First, use Gradshteyn 6.611, an integral involving a Bessel function, $ \int_0^\infty e^{-ax} J_0(bx) dx = 1/\sqrt{a^2+b^2}$ in the sum to get

$$S:=\sum_{k=1}^{n} 1/\sqrt{k^2+n^2} = \sum_{k=1}^{n} \int_0^\infty e^{-kx} J_0(nx) dx = \int_0^\infty J_0(nx) \dfrac{1-e^{-nx}}{(e^x-1)} dx.$$

Get a series in 1/n by the following, where $B_k$ are Bernoulli numbers,

$$S=\dfrac{1}{n} \int_0^\infty J_0(x)\dfrac{1-e^{-x}}{(e^{x/n}-1)} dx = \int_0^\infty dx \ J_0(x)\dfrac{1-e^{-x}}{x} \sum_{k=0}^\infty \Bigl(\dfrac{x}{n}\Bigr)^k \ \dfrac{B_k}{k!}. $$

Now do what an asymptoticist does, and interchange the sum and the integral. The first of the two resultant integrals are actually convergent:

$$S \sim \sum_{k=0}^\infty \Bigl(\dfrac{1}{n}\Bigr)^k \int_0^\infty J_0(x)(1-e^{-x})x^{k-1} \ dx = $$ $$\int_0^\infty J_0(x)\frac{1-e^{-x}}{x}dx - \frac{1}{2n} \int_0^\infty J_0(x)(1-e^{-x}) + \sum_{k=1}^\infty \dfrac{B_{2k}\ n^{-2k}}{(2k)!} \int_0^\infty dxJ_0(x)(1-e^{-x})x^{2k-1} $$

The first 2 integrals are $\log(1+\sqrt{2})$ and $1-1/\sqrt{2}$, respectively.

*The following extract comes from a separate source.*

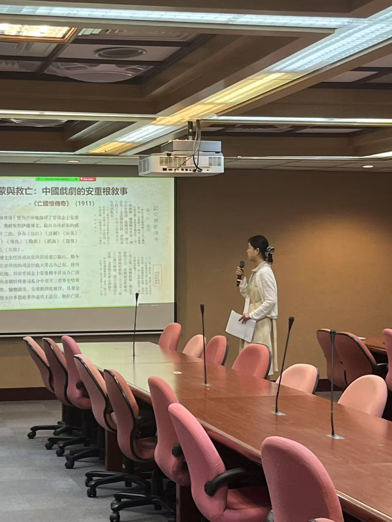开幕式后,论坛进入发言讨论环节,来自五校的11名研究生宣读论文,参会同学就论文内容进行了热烈讨论与深入交流,参会老师们给予点评与指导。第一场主题发表由山东大学牛林杰老师担任主持,山东大学孙正盛同学、南京大学张明娟同学、山东大学王丽媛同学、北京大学王恩泽同学先后以《镜与梦的想象力——「鸟瞰图·诗第十五号」的情感节制与痛苦流露》、《柳基石中文笔名小考》、《救亡·建构·消解:抗日语境下东亚戏剧的安重根叙事》、《塑造“华界”:中国近代在朝华商租界制度的构想与实践》为题发言。第二场主题发表由北京大学王丹老师担任主持,北京大学阿娅古兹·木合亚提同学、台湾政治大学顾奕伃同学、台湾中国文化大学马郁媙同学先后以《认知语言学视角下韩国语间隙概念词的语义拓展机制研究——以“틈”,“사이”,“동안”为中心》、《韩中原因理由表现对照研究——以韩语原因理由表现-어서,-니까,-기 때문에为例》、《针对华语学习者的韩语汉字否定前缀词教学研究——以「무-(無)」、「불/부-(不)」为中心》为题发言。第三场主题发表由南京大学郑墡谟老师担任主持,南京大学朱庆林同学、台湾政治大学普唯祯同学分别以《高丽末儒臣李穑的中国体验与天下观》、《朝鲜汉诗时调译与时调汉译诗的翻译策略考察》为题发言。第四场主题发表由台湾中国文化大学郑润道老师担任主持,台湾中国文化大学陈禹臻同学、台湾政治大学周筱蓓同学分别以《台韩职场霸凌防治制度比较研究》、《性别言谈中韩文问句功能的差异探讨:以韩国综艺节目<单身即地狱>第一季为中心》为题发言。

The subsequent integrals are divergent, and a method of regularization is needed for them to make sense. I believe Chapter 4 of R. Wong, 'Asymptotic Approximation of Integrals' can be made to apply. In particular Lemma 4 of that chapter states that

$$\lim_{\epsilon\to0}\int_0^\infty J_\alpha(x)e^{-\epsilon \ x}x^{\mu-1}dx = \dfrac{\Gamma(\alpha/2 + \mu/2)2^{\mu-1}}{\Gamma(\alpha/2 - \mu/2 +1)} . $$

Thus the divergent part of the integral is set to zero by a property of the $\Gamma$ function. The portion with the exponential decay converges and can be expressed in terms of Gauss's hypergeometric function, and on collecting, we have the asymptotic series

$$S \sim \log(1+\sqrt{2}) -\frac{1-1/\sqrt{2}}{2n} - \sum_{k=1}^\infty \dfrac{B_{2k}\ n^{-2k}}{2k} F(k,k+1/2,1,-1) .$$

The standard process of summing to least term illustrates that this is a good approximation, even for small n. For example, including only the first asymptotic term in the infinite series gives you almost five digits precision for n as small as 2!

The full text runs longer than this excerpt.